A later realization I suppose I have sensed it most of my life, but I have understood it philosophically only during the preparation of this talk has been the beauty of the idea of the pursuit of happiness. Familiar words, easy to take for granted; easy to misconstrue. The idea of the pursuit of happiness is at the heart of the attractiveness of the civilization to so many outside it or on its periphery. I find it marvelous to contemplate to what an extent, after two centuries, and after the terrible history of the earlier part of this century, the idea has come to a kind of fruition. It is an elastic idea; it fits all men. It implies a certain kind of society, a certain kind of awakened spirit. I don’t imagine my father’s parents would have been able to understand this idea. So much is contained in it; the idea of the individual, responsibility, choice, the life of the intellect, the idea of a vocation and perfectibility and achievement. It is an immense human idea.
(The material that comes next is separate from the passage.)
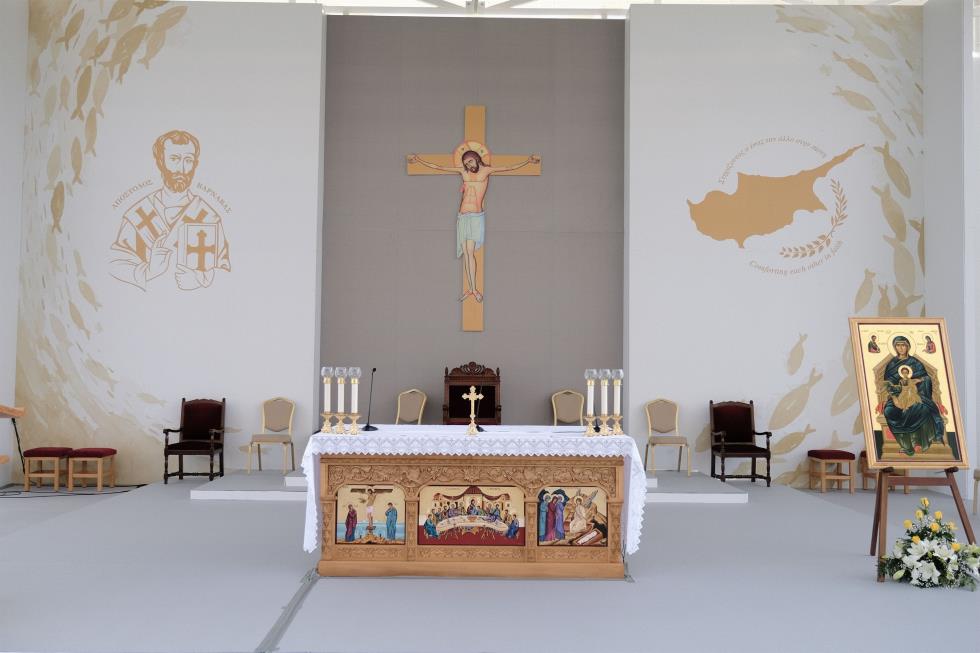 Εδώ στην Κύπρο αναπνέω λίγο από τη χαρακτηριστική ατμόσφαιρα των Αγίων Τόπων όπου η αρχαιότητα και η ποικιλία των χριστιανικών παραδόσεων εμπλουτίζουν τον προσκυνητή", ανέφερε ο Ποντίφικας μετά το πέρας της Θείας Λειτουργίας.

It cannot be reduced to a fixed system. It cannot generate fanaticism. But it is known to exist; and because of that, other more rigid systems in the end blow away.
V.S. Naipaul, “Our Universal Civilization” (1992) in The Writer and the World.
This reminds me of Hayek’s discussion of value and its importance to the individual. While one individual may highly value a large and diverse collection of musical recordings, another may value a similar collection of books, still another sufficient extra money for gasoline and supplies to allow them to travel to remote places to hike and kayak.
When socialist government, or any controlling authority, decides for you what you need and how your wants are best met by allocating your money and resources for you, it (they?) have eliminated your ability to allocate that money or those resources in a way that best makes you happy.
In the name of the greater good, all individuals, odd shaped pegs that they all are, are forever being pounded into the round hole the socialist government has allocated for them. It’s sees as the greatest good a time when all pegs are pounded into precisely the same size hole. Perfect equality, complete misery.
It should be remembered also that the authors of this phrase were classically educated, and their use of the term “happiness” is in the Aristotelian sense, not simply some form of mindless enjoyment.
As the comenter above notes, interests, and ways of obtaining intellectual, spiritual, and physical satisfaction may take any number of various forms, and the path to one person’s happiness might be markedly different from that of another.
The pursuit of happiness means the right to engage in a series of choices, both major and minor, the ultimate goal of which is the development of one’s natural gifts and talents to their fullest extent within a rational moral framework.
Such a path requires the greatest range of personal autonomy and creative freedom. It is exactly the form of liberty which would most appeal to a man of multi-faceted interests such as Jefferson.
It is, by definition, therefore, anathema to the collectivist mentality, whose highest value is stability, to the point of stasis, to be reached by the obedient conformity of all members of the group.